● EXERCISE DATA
[Start of Attachment]
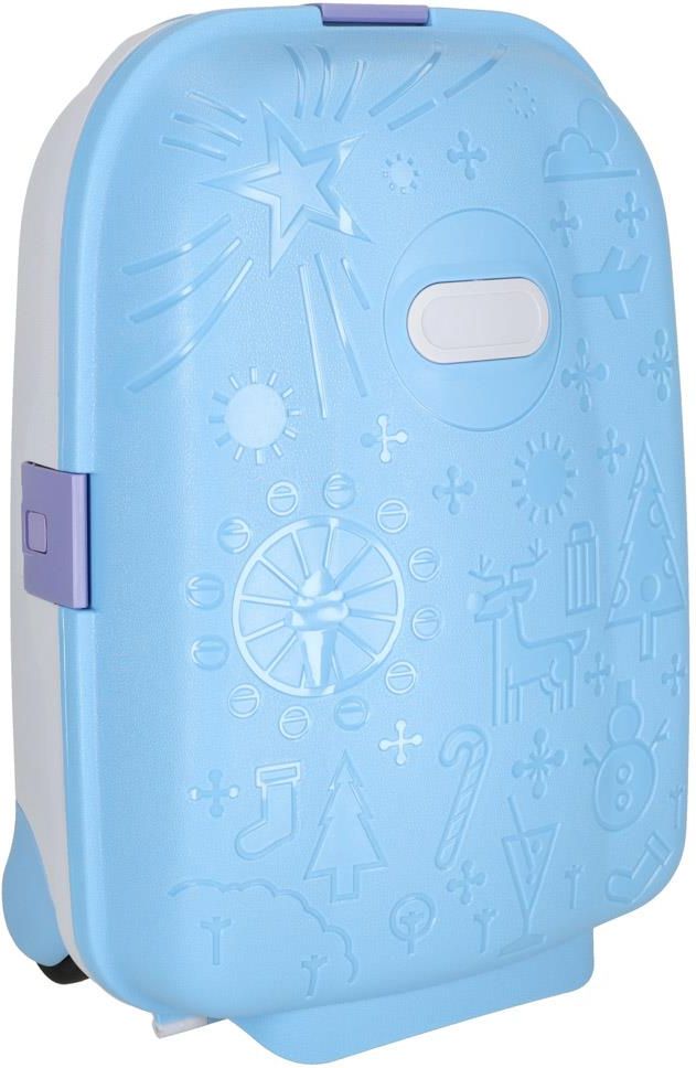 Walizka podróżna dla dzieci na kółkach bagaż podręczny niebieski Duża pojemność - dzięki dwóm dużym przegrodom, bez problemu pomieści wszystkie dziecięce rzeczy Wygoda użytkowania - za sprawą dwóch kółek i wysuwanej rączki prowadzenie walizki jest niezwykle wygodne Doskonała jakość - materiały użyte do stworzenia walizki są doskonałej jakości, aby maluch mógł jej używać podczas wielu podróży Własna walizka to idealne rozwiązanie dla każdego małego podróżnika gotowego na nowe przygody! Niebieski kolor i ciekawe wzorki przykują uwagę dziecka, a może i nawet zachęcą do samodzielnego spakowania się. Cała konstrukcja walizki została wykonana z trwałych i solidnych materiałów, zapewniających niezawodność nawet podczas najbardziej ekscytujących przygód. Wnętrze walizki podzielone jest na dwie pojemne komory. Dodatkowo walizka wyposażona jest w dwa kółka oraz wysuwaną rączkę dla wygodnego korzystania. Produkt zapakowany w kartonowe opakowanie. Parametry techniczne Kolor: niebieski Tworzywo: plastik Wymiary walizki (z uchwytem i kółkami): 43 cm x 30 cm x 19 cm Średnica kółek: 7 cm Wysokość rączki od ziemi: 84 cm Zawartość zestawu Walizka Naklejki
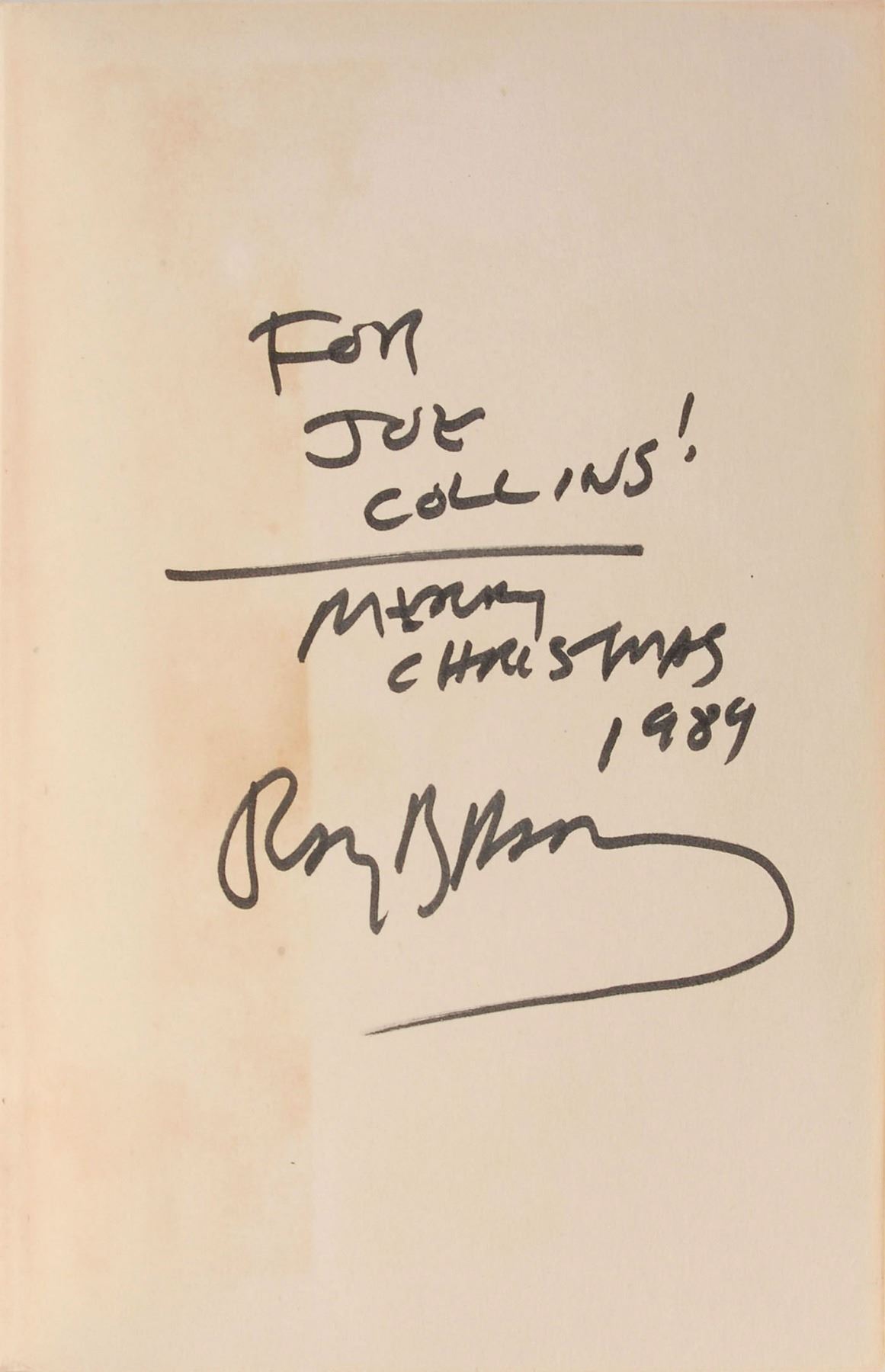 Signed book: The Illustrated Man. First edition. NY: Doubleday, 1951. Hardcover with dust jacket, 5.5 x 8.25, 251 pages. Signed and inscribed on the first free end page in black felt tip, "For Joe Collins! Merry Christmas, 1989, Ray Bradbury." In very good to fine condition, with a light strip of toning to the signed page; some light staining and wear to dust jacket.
[End of Attachment]
[Start of Attachment]
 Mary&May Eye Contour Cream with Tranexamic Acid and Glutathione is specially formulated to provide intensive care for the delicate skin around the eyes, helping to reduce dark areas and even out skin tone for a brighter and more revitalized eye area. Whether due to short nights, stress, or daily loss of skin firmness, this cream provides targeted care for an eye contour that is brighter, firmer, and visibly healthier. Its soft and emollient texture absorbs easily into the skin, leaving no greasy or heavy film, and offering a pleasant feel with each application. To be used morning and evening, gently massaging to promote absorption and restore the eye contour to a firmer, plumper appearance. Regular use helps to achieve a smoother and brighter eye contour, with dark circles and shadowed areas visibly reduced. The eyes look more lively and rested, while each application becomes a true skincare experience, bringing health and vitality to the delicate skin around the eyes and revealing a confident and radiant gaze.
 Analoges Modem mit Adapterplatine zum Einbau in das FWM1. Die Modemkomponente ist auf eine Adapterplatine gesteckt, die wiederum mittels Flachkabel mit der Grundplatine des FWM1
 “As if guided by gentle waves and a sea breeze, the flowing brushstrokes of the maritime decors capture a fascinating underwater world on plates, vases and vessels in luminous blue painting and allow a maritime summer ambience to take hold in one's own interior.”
[End of Attachment]
[Start of Attachment]
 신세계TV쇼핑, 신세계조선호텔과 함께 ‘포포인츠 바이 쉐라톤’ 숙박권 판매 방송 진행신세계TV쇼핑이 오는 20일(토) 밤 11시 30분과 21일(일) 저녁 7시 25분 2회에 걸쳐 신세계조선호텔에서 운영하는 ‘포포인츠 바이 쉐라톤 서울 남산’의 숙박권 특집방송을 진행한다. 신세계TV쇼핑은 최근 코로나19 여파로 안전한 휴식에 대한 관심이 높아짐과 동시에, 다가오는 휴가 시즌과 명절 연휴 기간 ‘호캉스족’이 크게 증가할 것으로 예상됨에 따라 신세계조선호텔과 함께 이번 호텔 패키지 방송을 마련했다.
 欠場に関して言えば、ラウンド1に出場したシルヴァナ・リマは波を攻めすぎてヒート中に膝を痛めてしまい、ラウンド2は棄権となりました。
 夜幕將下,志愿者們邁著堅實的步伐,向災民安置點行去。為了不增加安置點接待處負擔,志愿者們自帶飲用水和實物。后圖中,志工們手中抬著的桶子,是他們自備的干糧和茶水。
[End of Attachment]
● PROBLEM STATEMENT
Return word for word the lines above from the line with "欠場に関して言えば、ラウンド" to the line with "夜幕將下,志愿者們邁著堅實的", including both and leaving out all others.

● YOUR SOLUTION
 欠場に関して言えば、ラウンド1に出場したシルヴァナ・リマは波を攻めすぎてヒート中に膝を痛めてしまい、ラウンド2は棄権となりました。
 夜幕將下,志愿者們邁著堅實的步伐,向災民安置點行去。為了不增加安置點接待處負擔,志愿者們自帶飲用水和實物。后圖中,志工們手中抬著的桶子,是他們自備的干糧和茶水。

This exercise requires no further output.